++++ Record set ++++

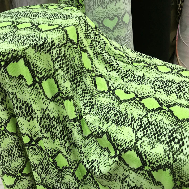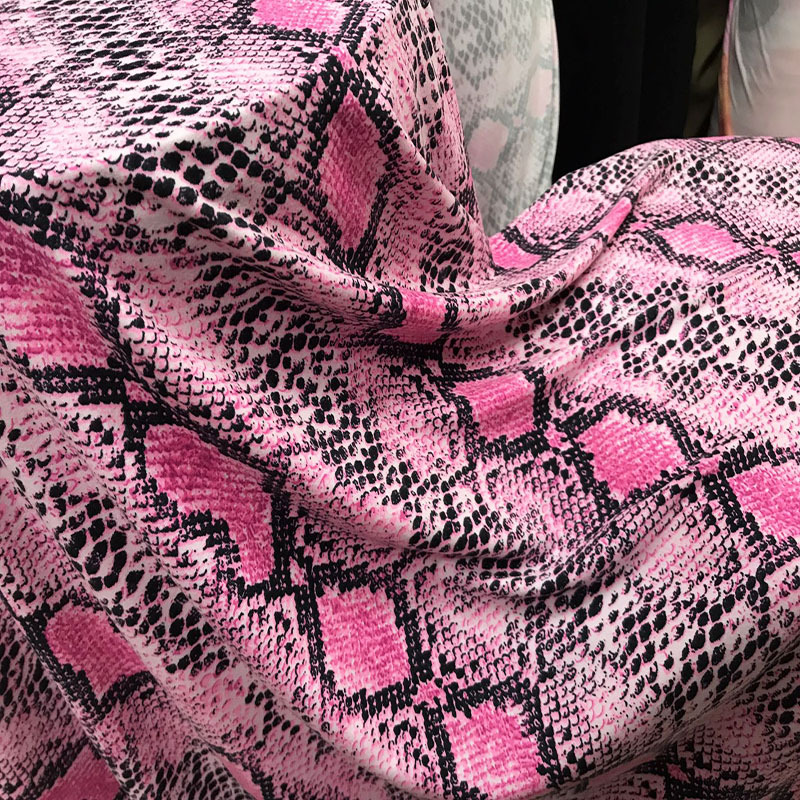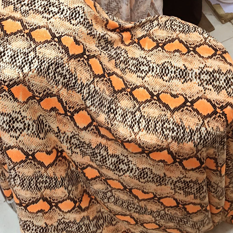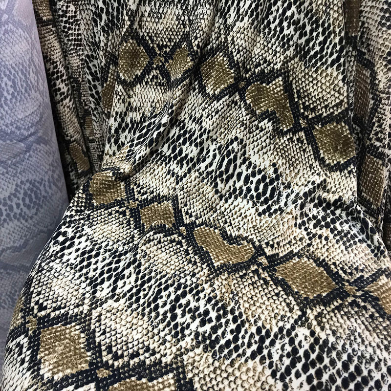 니트 뱀 패턴 인쇄 우유 실크 직물 4 방향 대형 스트레치 요가 레깅스 라틴 댄스 직물 도매스토어 가기
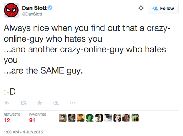 Where are the Dan Slott fat jokes? Where are the Dan Slott Danny Devito jokes? That’s right — they don’t exist in my writing because I don’t “hate” anyone. And if I were inclined to create dummy accounts, then it would be because Twitter recently blocked me after I complained it did nothing (yes, nothing) to the Islamic radical apologist who threatened to kill me.
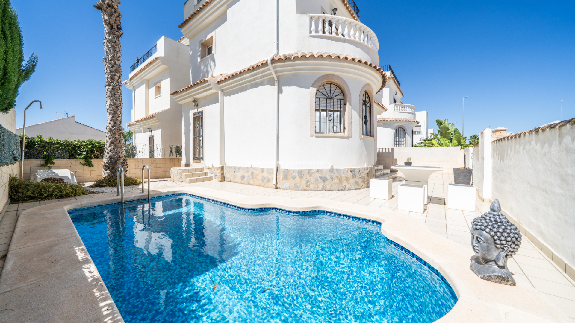 Denna fristående "Villas Del Palmeral"-modell ligger i ett privat område i Urb. El Oasis, ett lugnt område inom 10-15 minuters promenad till lokala bekvämligheter. ➡️ Villan har en egen inbjudande privat pool. De boende har också tillgång till en gemensam pool och tennisbana, vilket gör detta till ett utmärkt val för semester eller året runt-boende.
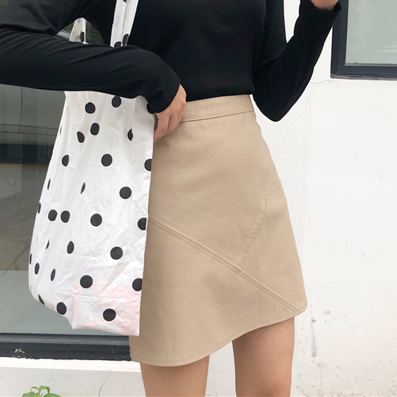 / 女裝韓版修身顯瘦黑色包臀裙子秋裝新款高腰皮短裙氣質A字半身裙
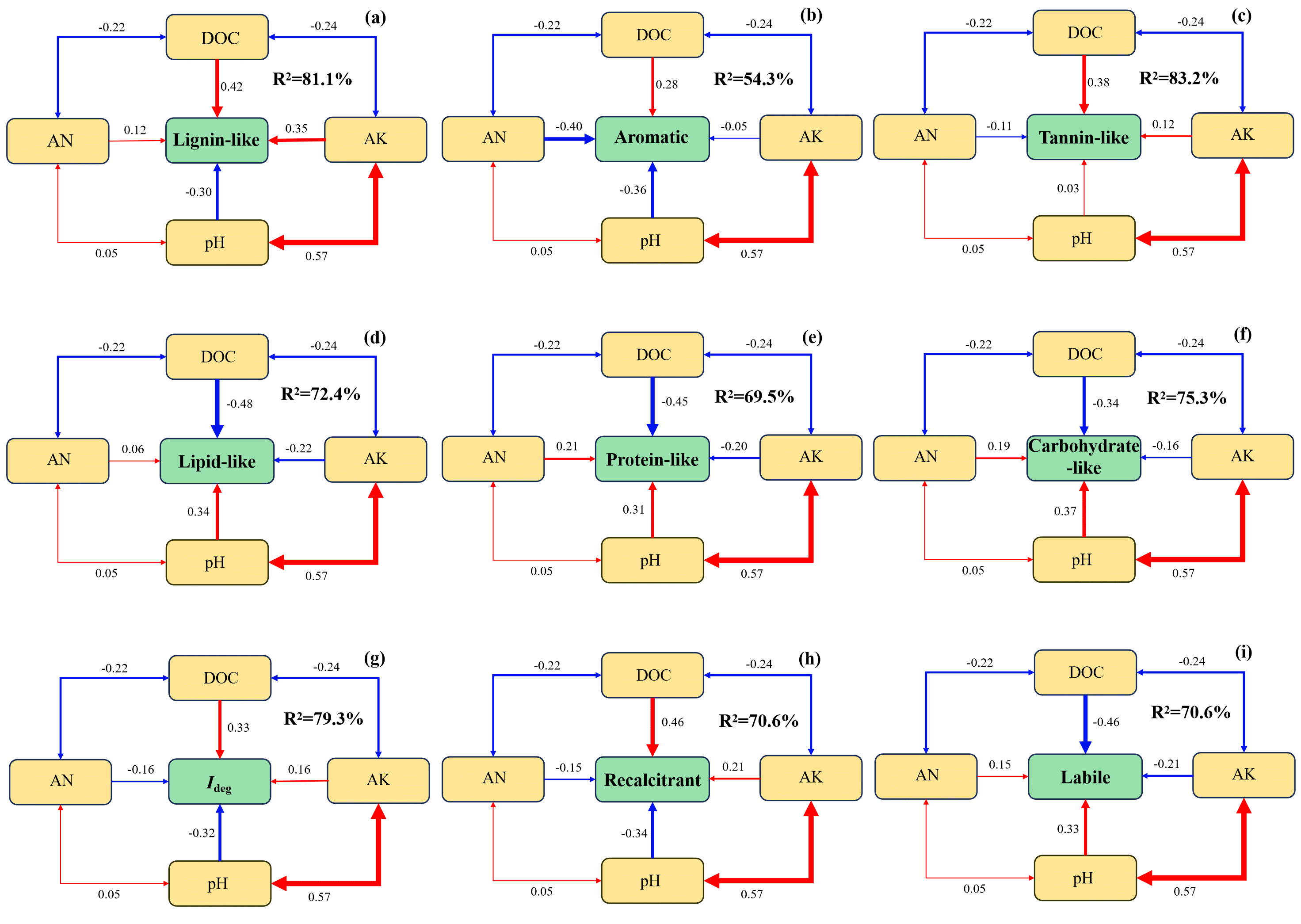 圖2 DOM組分與土壤理化因子的級聯(lián)關(guān)系
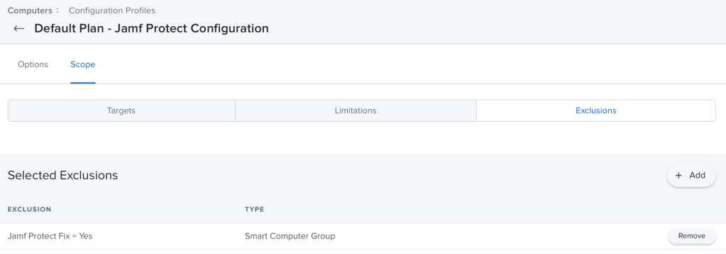 For the Reinstall process to work you’ll need to add the “Jamf Protect Fix = Yes” group as an exclusion to all of your Jamf Protect Configuration profiles. This way when the Jamf Protect Fix Policy above runs the config profile is removed and re-pushed to the computer. This will trigger a reinstall.
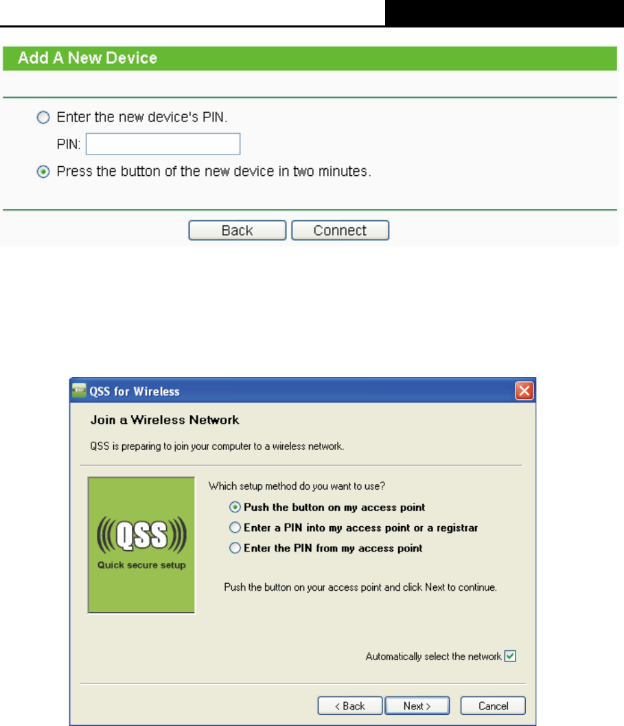 The QSS Configuration Screen of Wireless Adapter
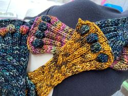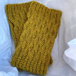 The Woodland Mitts use under 200 yards of sport or DK weight wool and a US F5/3.75mm hook.
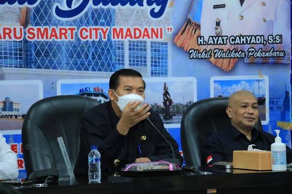 Walikota Pekanbaru, selaku ketua Tim Percepatan dan Perluasan Digitalisasi Daerah (TP2DD) melakukan evaluasi IETPD triwulan IV 2021.

++++

Each record should be quoted exactly, with the images omitted.

 니트 뱀 패턴 인쇄 우유 실크 직물 4 방향 대형 스트레치 요가 레깅스 라틴 댄스 직물 도매스토어 가기
 Where are the Dan Slott fat jokes? Where are the Dan Slott Danny Devito jokes? That’s right — they don’t exist in my writing because I don’t “hate” anyone. And if I were inclined to create dummy accounts, then it would be because Twitter recently blocked me after I complained it did nothing (yes, nothing) to the Islamic radical apologist who threatened to kill me.
 Denna fristående "Villas Del Palmeral"-modell ligger i ett privat område i Urb. El Oasis, ett lugnt område inom 10-15 minuters promenad till lokala bekvämligheter. ➡️ Villan har en egen inbjudande privat pool. De boende har också tillgång till en gemensam pool och tennisbana, vilket gör detta till ett utmärkt val för semester eller året runt-boende.
 / 女裝韓版修身顯瘦黑色包臀裙子秋裝新款高腰皮短裙氣質A字半身裙
 圖2 DOM組分與土壤理化因子的級聯(lián)關(guān)系
 For the Reinstall process to work you’ll need to add the “Jamf Protect Fix = Yes” group as an exclusion to all of your Jamf Protect Configuration profiles. This way when the Jamf Protect Fix Policy above runs the config profile is removed and re-pushed to the computer. This will trigger a reinstall.
 The QSS Configuration Screen of Wireless Adapter
 The Woodland Mitts use under 200 yards of sport or DK weight wool and a US F5/3.75mm hook.
 Walikota Pekanbaru, selaku ketua Tim Percepatan dan Perluasan Digitalisasi Daerah (TP2DD) melakukan evaluasi IETPD triwulan IV 2021.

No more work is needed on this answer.